For the problem discussed herein, the variables are concurrent rainfall quantities at two locations. In the past, the sample Pearson product–moment correlation coefficient r has been used commonly to estimate the population coefficient ρ [see Eqs. (1) and (2) in section 3]. Many researchers argued that estimation of the correlation coefficient suffers from several shortcomings. For example, in his evaluation of climate model performance, Willmott (1984) illustrated that r is insensitive to additive and proportional differences that may exist between the two variables, which causes a problem if r is used as a performance measure. Like many other statistical measures, r is much more influenced by outliers than by observations near the mean (Moore 1991). Legates and Davis (1997) and Legates and McCabe (1999) discussed the effect of extreme values on the evaluation of goodness-of-fit measures of hydrologic and hydroclimatic models. They illustrated that the existence of extreme events will lead to an inflated estimate of r that may obscure the true relationship over most of the range of observations. Based on an idealized analysis of radar and rain gauge comparisons, Kessler and Neas (1994) showed that the magnitude of the correlation coefficient tends to increase with the range over which the variables are measured.

Researchers also noted other problems with estimating correlation. Cressie (1993) argued that, as compared with other spatial association measures such as the variogram, the correlation function is not preferred given that bias and trend contamination errors heavily affect its estimates. A similar limitation of the use of the correlation coefficient arises when temporal records of observations are used to estimate the spatial correlation structure. Gunst (1995) illustrated that, with meteorological data, correlations calculated from time series overestimate spatial correlations when temporal trends and autocorrelations exist in the observations.

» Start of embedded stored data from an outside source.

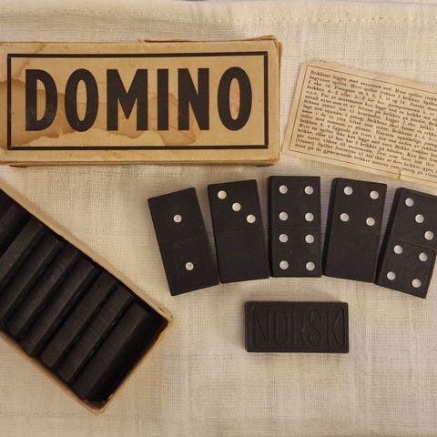 Hvert sett består av 28 rektangulære brikker i tre i mørk farge, med innfelte prikker i flere farger for enkel identifisering av tallverdier. Baksiden av brikkene har preget motiv.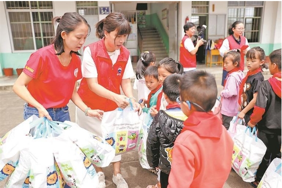 “我喜歡這個粉色文具袋?!薄斑@些零食我要帶回家和爺爺奶奶分享,他們都沒吃過呢……”泉州怡閩酒業有限公司送上的學習用品和零食大禮包讓孩子們開心不已。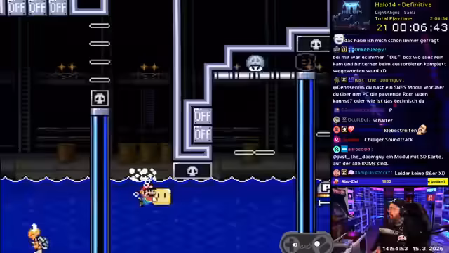 03:20:30Der Streamer stößt auf ein besonders schwieriges Level im Spiel, das als einer der härtesten Momente des Hacks beschrieben wird. Es erfordert präzise Sprünge, Damage-Boosts und komplexe Manöver wie Low Swims, was zu langer Spielzeit und Nervosität führt. Parallel dazu unterhält er sich mit der Community über diverse Themen wie Jubiläen, den kommenden Film und diskutiert die Schwierigkeit des Levels.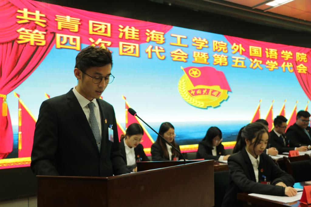 大会听取了魏学庆所作的《学习贯彻“十九大”精神传承弘扬“淮工人”梦想——团结引领团员青年在大学建设中发挥生力军作用》团委工作报告,外国语学院学生会主席陶逸做学生会工作报告。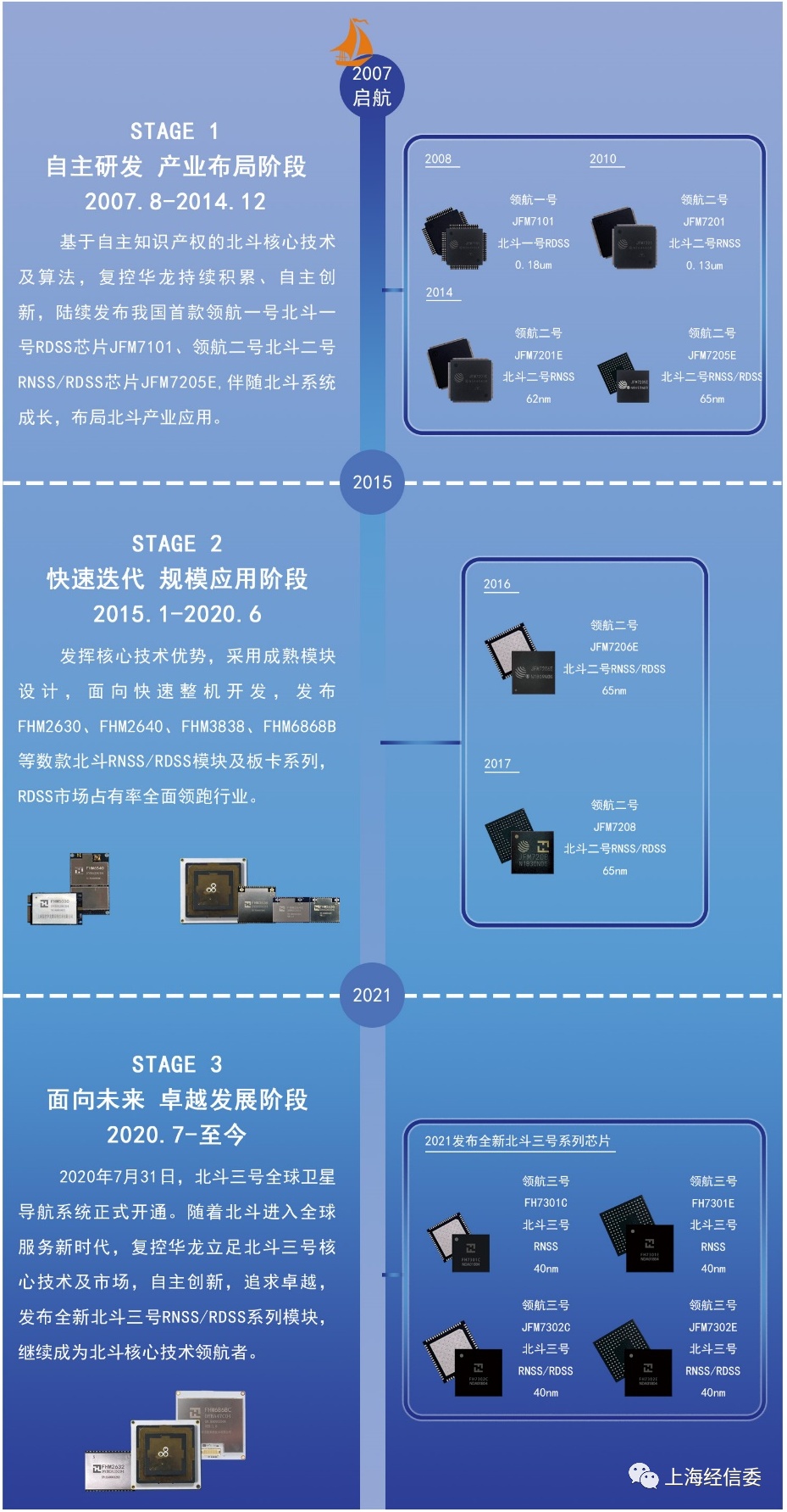 2008年,上海复控华龙微系统技术有限公司发布了国内首款北斗一号RDSS处理芯片——“领航一号”(JFM7101)。此后十余年,复控华龙又先后发布了JFM7201、JFM7205、JFM7206、JFM7208等多款北斗二号基带处理芯片,以及FH7301和FH7302两款北斗三号基带处理芯片。JFM7208、FH7301、FH7302都同时支持北斗、GPS、GLONASS、GALILEO四大全球导航系统,广泛应用于北斗短报文通信、定位、导航和授时等各类应用。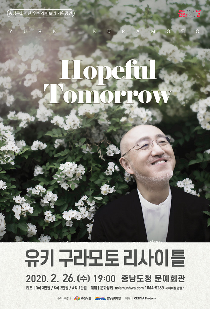 [세계로컬타임즈 홍윤표 조사위원] 충남문화재단은 우수 레퍼토리 기획공연으로 한국인이 가장 사랑하는 감성 피아니스트 유키 구라모토의 리사이틀을 개최한다.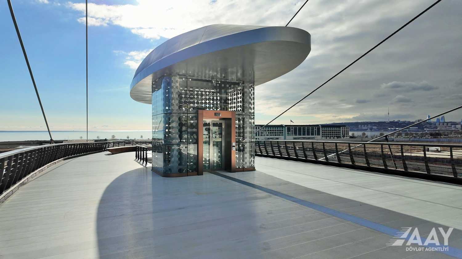 Azərbaycan Avtomobil Yolları Dövlət Agentliyinin yaydığı məlumatda bildirilir ki, uzunluğu 234 metr, eni isə 7-13 metr arası dəyişən piyada körpüsü bir aşırımlı olmaqla layihələndirilib. Piyada körpüsü metal tir aşırım qurğusundan ibarətdir və 1 ədəd pilon dayaqdan vantlar vasitəsilə “asılıb”.

Statistical literature provides evidence that the source of the problems is the underlying distribution of the variables under consideration. In the case of bivariate normal distribution, the distribution of r is known well (e.g., chapter 32 of Johnson et al. 1995; chapter 6 of Stuart and Ord 1987) and can be used to form confidence intervals or to perform significance tests. However, in the case of nonnormal bivariate populations, little is known about the distribution of r. Kowalski (1972) illustrated that the distribution of r may be very sensitive to nonnormality in the data and suggested that normal correlation analysis should be limited to situations in which the variables are nearly normal. Hutchinson (1997) suggested that, for very skewed distributions, the Pearson sample correlation coefficient is a poor estimator of the population value.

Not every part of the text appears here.